Exercise prompt
From the entries below, reproduce exactly the lines from the one with "Mysig svart fleece-tröja" through the one with "近日,中國(guó)建筑裝飾", both included, without images.

Material shown
>>>
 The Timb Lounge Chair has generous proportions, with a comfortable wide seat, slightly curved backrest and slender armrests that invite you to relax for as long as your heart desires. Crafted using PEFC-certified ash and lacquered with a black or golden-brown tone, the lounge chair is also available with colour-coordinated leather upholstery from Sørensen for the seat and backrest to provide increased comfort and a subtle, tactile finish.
<<<
>>>
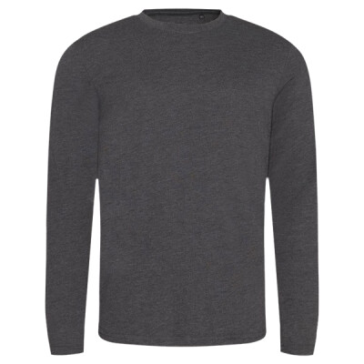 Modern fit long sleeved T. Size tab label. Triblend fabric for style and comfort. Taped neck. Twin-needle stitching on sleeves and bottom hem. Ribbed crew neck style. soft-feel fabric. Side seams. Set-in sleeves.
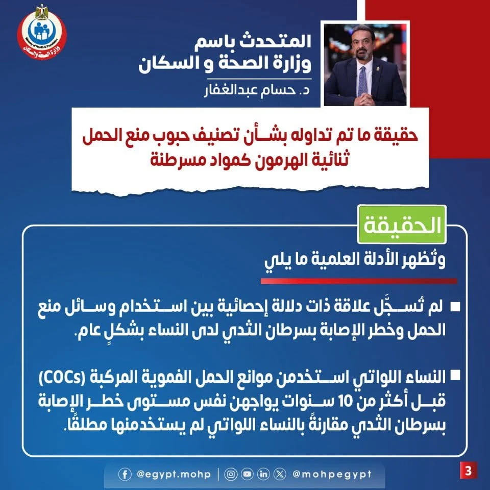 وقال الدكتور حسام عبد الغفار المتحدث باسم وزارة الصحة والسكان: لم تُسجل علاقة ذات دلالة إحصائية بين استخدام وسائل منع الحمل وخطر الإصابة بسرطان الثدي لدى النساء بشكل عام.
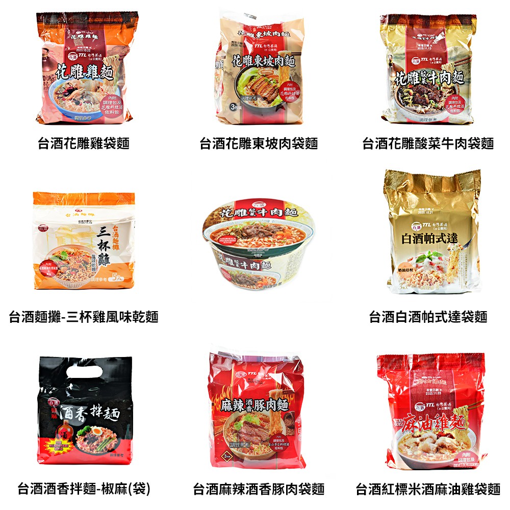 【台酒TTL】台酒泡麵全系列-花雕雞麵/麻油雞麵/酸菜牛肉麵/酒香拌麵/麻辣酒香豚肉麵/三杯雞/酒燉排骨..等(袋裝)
<<<
>>>
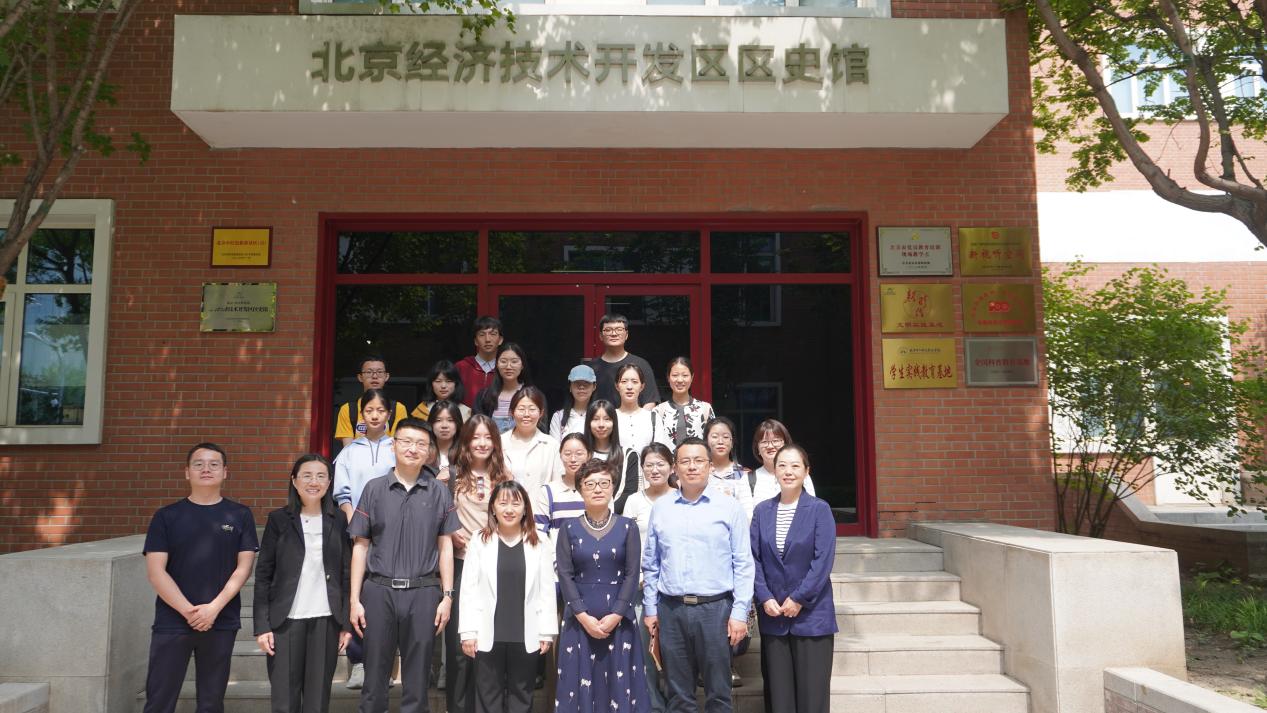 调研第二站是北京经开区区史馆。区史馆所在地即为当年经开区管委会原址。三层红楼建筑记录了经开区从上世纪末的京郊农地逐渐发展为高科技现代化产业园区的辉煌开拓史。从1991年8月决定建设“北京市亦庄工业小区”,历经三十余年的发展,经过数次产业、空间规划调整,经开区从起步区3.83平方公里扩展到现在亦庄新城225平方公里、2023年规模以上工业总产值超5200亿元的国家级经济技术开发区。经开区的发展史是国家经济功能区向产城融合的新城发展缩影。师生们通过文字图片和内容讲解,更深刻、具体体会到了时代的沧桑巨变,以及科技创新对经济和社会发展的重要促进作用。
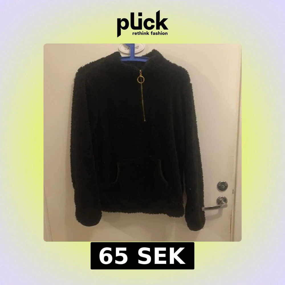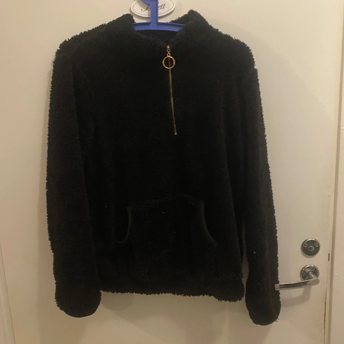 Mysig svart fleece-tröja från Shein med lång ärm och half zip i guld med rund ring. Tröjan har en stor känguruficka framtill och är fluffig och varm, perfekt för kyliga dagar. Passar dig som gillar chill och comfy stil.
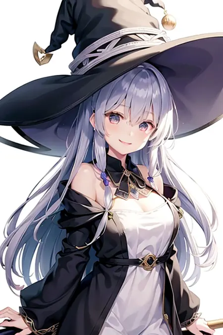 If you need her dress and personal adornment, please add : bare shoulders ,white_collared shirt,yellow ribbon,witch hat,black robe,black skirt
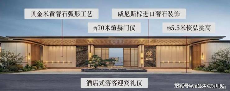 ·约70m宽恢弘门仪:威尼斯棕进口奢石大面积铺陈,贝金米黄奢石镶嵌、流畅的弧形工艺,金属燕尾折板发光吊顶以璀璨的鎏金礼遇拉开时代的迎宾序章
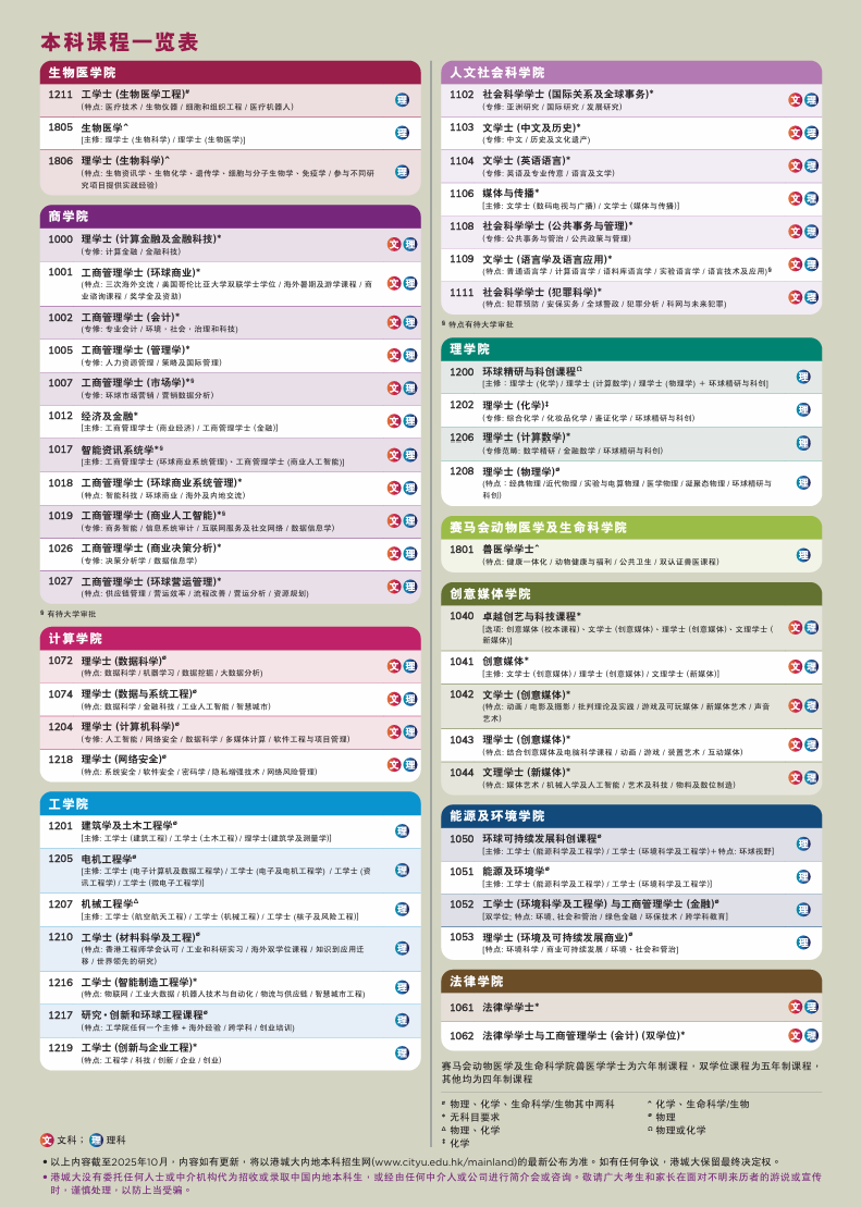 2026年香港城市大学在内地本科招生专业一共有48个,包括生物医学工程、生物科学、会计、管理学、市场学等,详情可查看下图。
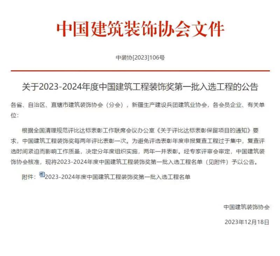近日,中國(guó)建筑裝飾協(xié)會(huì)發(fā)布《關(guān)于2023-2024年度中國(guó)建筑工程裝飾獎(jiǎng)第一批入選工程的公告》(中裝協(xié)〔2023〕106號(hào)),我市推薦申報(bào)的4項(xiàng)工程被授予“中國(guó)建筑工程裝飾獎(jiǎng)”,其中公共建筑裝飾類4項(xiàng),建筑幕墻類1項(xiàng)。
<<<
Solution below
 Mysig svart fleece-tröja från Shein med lång ärm och half zip i guld med rund ring. Tröjan har en stor känguruficka framtill och är fluffig och varm, perfekt för kyliga dagar. Passar dig som gillar chill och comfy stil.
 If you need her dress and personal adornment, please add : bare shoulders ,white_collared shirt,yellow ribbon,witch hat,black robe,black skirt
 ·约70m宽恢弘门仪:威尼斯棕进口奢石大面积铺陈,贝金米黄奢石镶嵌、流畅的弧形工艺,金属燕尾折板发光吊顶以璀璨的鎏金礼遇拉开时代的迎宾序章
 2026年香港城市大学在内地本科招生专业一共有48个,包括生物医学工程、生物科学、会计、管理学、市场学等,详情可查看下图。
近日,中國(guó)建筑裝飾協(xié)會(huì)發(fā)布《關(guān)于2023-2024年度中國(guó)建筑工程裝飾獎(jiǎng)第一批入選工程的公告》(中裝協(xié)〔2023〕106號(hào)),我市推薦申報(bào)的4項(xiàng)工程被授予“中國(guó)建筑工程裝飾獎(jiǎng)”,其中公共建筑裝飾類4項(xiàng),建筑幕墻類1項(xiàng)。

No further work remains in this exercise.